Mas su primer y más predominante clamor es '¡Quién me diera el saber dónde hallar a Dios! Yo iría hasta su silla'.
Los hijos de Dios corren a su hogar cuando se aproxima la tormenta. El instinto nacido del cielo de un alma que posee la gracia, es buscar refugio de todos los males bajo las alas de Jehová. 'El que ha hecho de Dios su refugio' podría servir como el distintivo de un verdadero creyente.
Un hipócrita, sin embargo, cuando siente que ha sido afligido por Dios, resiente el castigo, y, como un esclavo, quisiera huir del amo que lo ha flagelado. Pero no sucede así con el verdadero heredero del cielo. Él besa la mano que lo golpeó, y busca protegerse de la vara en el seno de ese mismo Dios que le miró con ceño.
Ustedes podrán observar que el deseo de comunión con Dios se intensifica cuando fracasan todas las otras fuentes de consuelo.
Cuando Job vio al principio a sus amigos a la distancia, pudo haber albergado una esperanza de que su amable consuelo y su compasiva ternura mitigarían la agudeza de su dolor; pero al poco tiempo que comenzaron a hablar, Job clamó en amargura: 'Consoladores molestos sois todos vosotros'.

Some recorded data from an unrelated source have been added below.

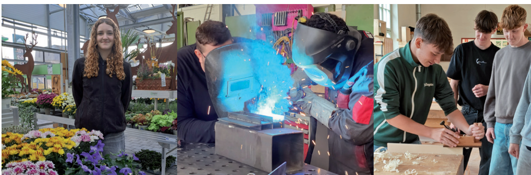
5 Wochen Praxis: Erfahrungen sammeln in den verschiedensten Bereichen.
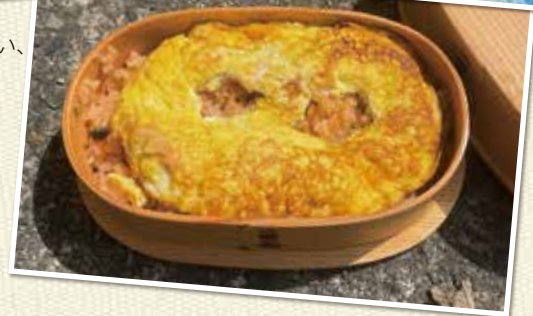
娘さん手づくり オムライス弁当
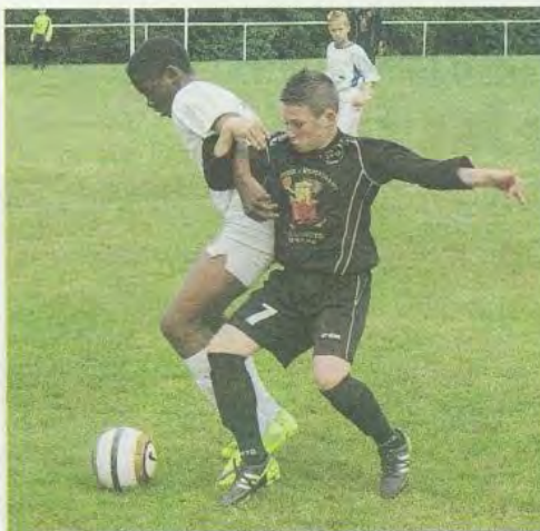
Les duels au ballon sont monnaie courante et de plus en plus nombreux dans les finales.
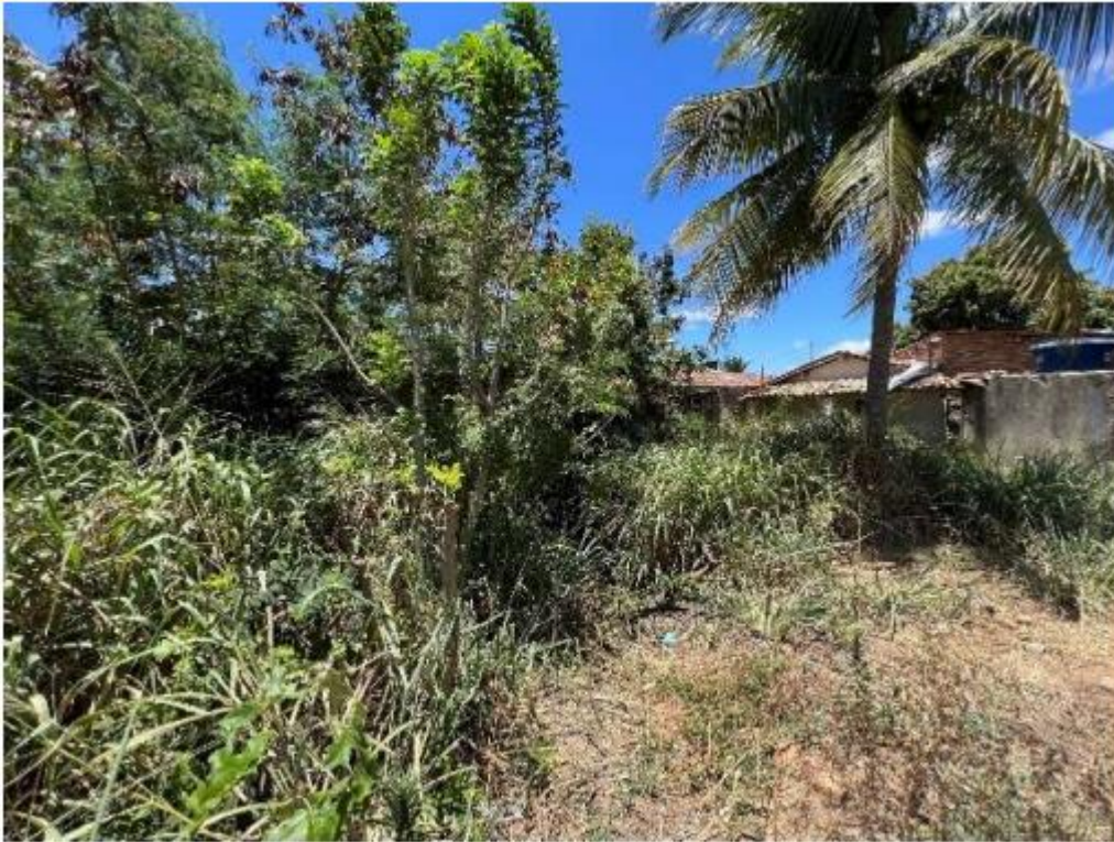
Imagem 4: Quintal.
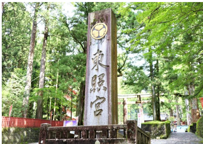
開催地である「日光の社寺」エリアの様子

以上、本学会への参加は、自身にとって非常に良い経験・勉強になりました。皆さま、ありがとうございました。
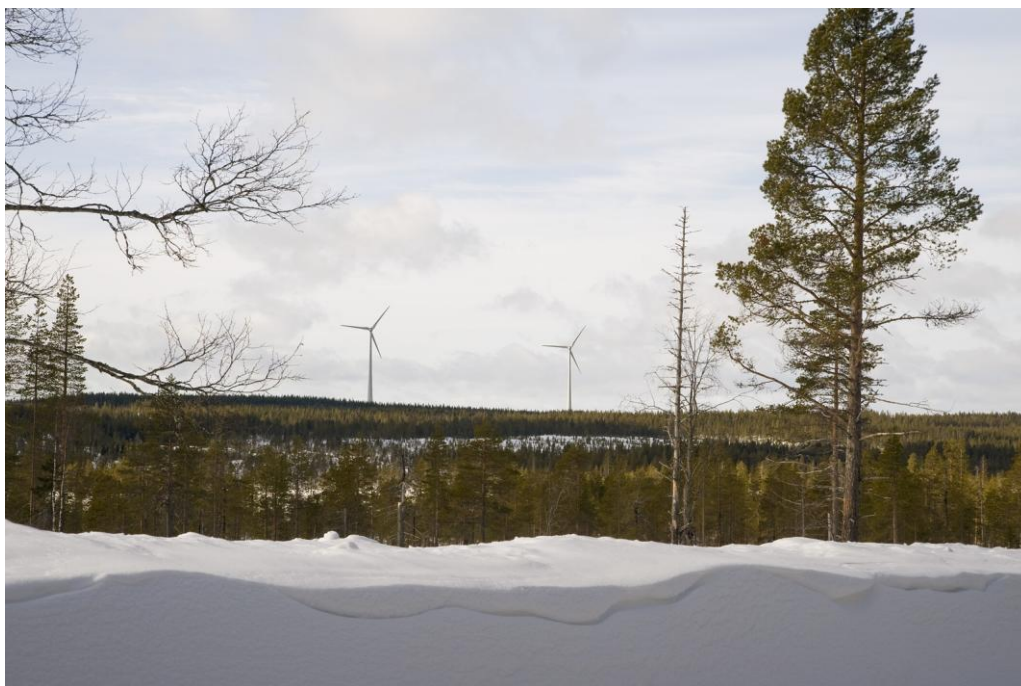
De två verken på Dragaliden. Vy från Ersträsk.
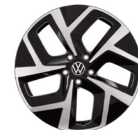
Lettmetallfelger «Wellington» 7,5 x 19", med 215/50 R19 dekk
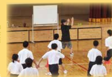
県立琴の浦高等特別支援学校
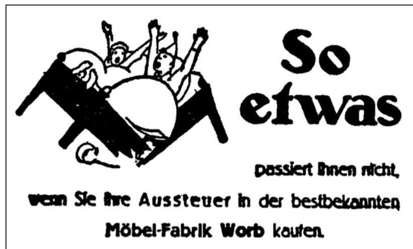
Reklame der Möbelfabrik von Ernst Schwaller im «Bund» vom 14. Dezember 1924. Das Worber Möbelhaus war während des ganzen Jahres mit originellen Inseraten im «Bund» präsent.

Das gesellschaftliche Leben wurde von den zahlreichen bürgerlichen und Arbeitervereinen gepflegt. Während des ganzen Jahres stellten diese Gesuche für Feste, besonders für Sommerfeste. Der Gemeinderat kam den einheimischen Gesuchstellern meistens entgegen, nicht so Auswärtigen. So lehnte er das Gesuch
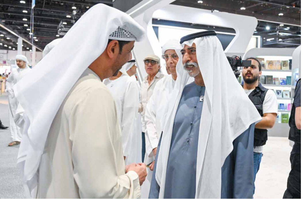
نهيان بن مبارك خلال زيارته جناح المركز في المعرض

تدشين الكتاب الـ ١٢٠ من موسوعة الإخوان بحضور رئيسي الإنترنت ومجلس الأمن السيبراني وسفير البحرين
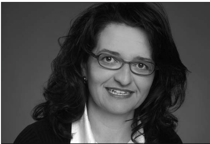
Gemeindewahlen Feuerthalen, 21. Mai 2006
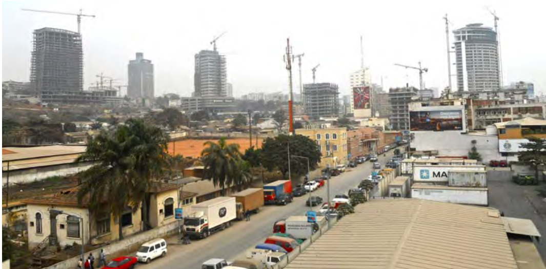
Photo 3.1 Luanda skyline in 2010

excited about returning to Luanda for the first time in ten years. When I asked him in earlier conversations about returning to a largely 'unknown' country, he was somewhat ambivalent:
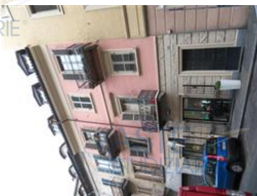
facciata lato strada

L'intero edificio sviluppa 5 piani, 4 (n. 3 abitabili + n. 1 sottotetto a mansarde) piano fuori terra, 1 piano interrato. Immobile costruito nel 1912.
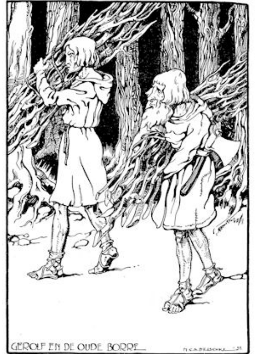
GEROLF EN DE OUDE BORDE
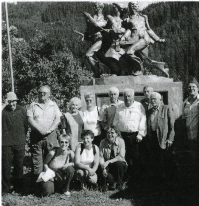
Z logaškimi borci na Koroškem.

Na poti domov je za vedro razpoloženje v avtobusu poskrbel ženski zborček z lahkotnim popevanjem, tako da se je tudi pot domov po celodnevem potepanju prijetno končala.

Ellos pusieron sal en sus heridas, y derramaron combustible sobre la llama de su aflicción; agregaron la hiel de sus recriminaciones al ajenjo de sus dolores. Una vez anhelaron bañarse al sol de la radiante sonrisa de Job, y ahora se atrevían a cubrir de sombras su reputación, de manera poco generosa e inmerecida.
El patriarca se apartó de sus apesadumbrados amigos y miró a lo alto, al trono celestial, de la misma manera que el viajero se olvida de su cantimplora y se dirige con premura al pozo. Dice adiós a las esperanzas terrenales y clama: ' ¡Quién me diera el saber dónde hallar a Dios!'.
Es además digno de observación que, aunque un buen hombre se apresura a Dios en su aflicción, y corre con mayor velocidad por causa del desamor de sus semejantes, sin embargo, algunas veces el alma que posee gracia, permanece sin la confortable presencia de Dios.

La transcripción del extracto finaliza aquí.